▶ **Your instructions**: All lines of the listing below must be reproduced character for character.

▶ **Supplied information**:
:::::

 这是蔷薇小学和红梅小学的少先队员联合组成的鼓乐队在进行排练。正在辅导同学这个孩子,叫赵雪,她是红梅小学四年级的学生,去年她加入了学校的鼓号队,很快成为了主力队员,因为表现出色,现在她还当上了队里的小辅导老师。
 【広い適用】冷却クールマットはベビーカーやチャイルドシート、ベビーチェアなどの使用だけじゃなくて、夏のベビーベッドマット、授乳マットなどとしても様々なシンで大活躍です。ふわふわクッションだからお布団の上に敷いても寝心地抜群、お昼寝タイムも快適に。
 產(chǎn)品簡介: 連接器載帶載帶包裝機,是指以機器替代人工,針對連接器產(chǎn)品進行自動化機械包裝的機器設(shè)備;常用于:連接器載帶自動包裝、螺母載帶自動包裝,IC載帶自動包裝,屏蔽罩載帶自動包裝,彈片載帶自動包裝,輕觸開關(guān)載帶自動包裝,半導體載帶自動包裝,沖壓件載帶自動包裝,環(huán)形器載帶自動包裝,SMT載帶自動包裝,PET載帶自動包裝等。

:::::

▶ **Written reply**:
 这是蔷薇小学和红梅小学的少先队员联合组成的鼓乐队在进行排练。正在辅导同学这个孩子,叫赵雪,她是红梅小学四年级的学生,去年她加入了学校的鼓号队,很快成为了主力队员,因为表现出色,现在她还当上了队里的小辅导老师。
 【広い適用】冷却クールマットはベビーカーやチャイルドシート、ベビーチェアなどの使用だけじゃなくて、夏のベビーベッドマット、授乳マットなどとしても様々なシンで大活躍です。ふわふわクッションだからお布団の上に敷いても寝心地抜群、お昼寝タイムも快適に。
 產(chǎn)品簡介: 連接器載帶載帶包裝機,是指以機器替代人工,針對連接器產(chǎn)品進行自動化機械包裝的機器設(shè)備;常用于:連接器載帶自動包裝、螺母載帶自動包裝,IC載帶自動包裝,屏蔽罩載帶自動包裝,彈片載帶自動包裝,輕觸開關(guān)載帶自動包裝,半導體載帶自動包裝,沖壓件載帶自動包裝,環(huán)形器載帶自動包裝,SMT載帶自動包裝,PET載帶自動包裝等。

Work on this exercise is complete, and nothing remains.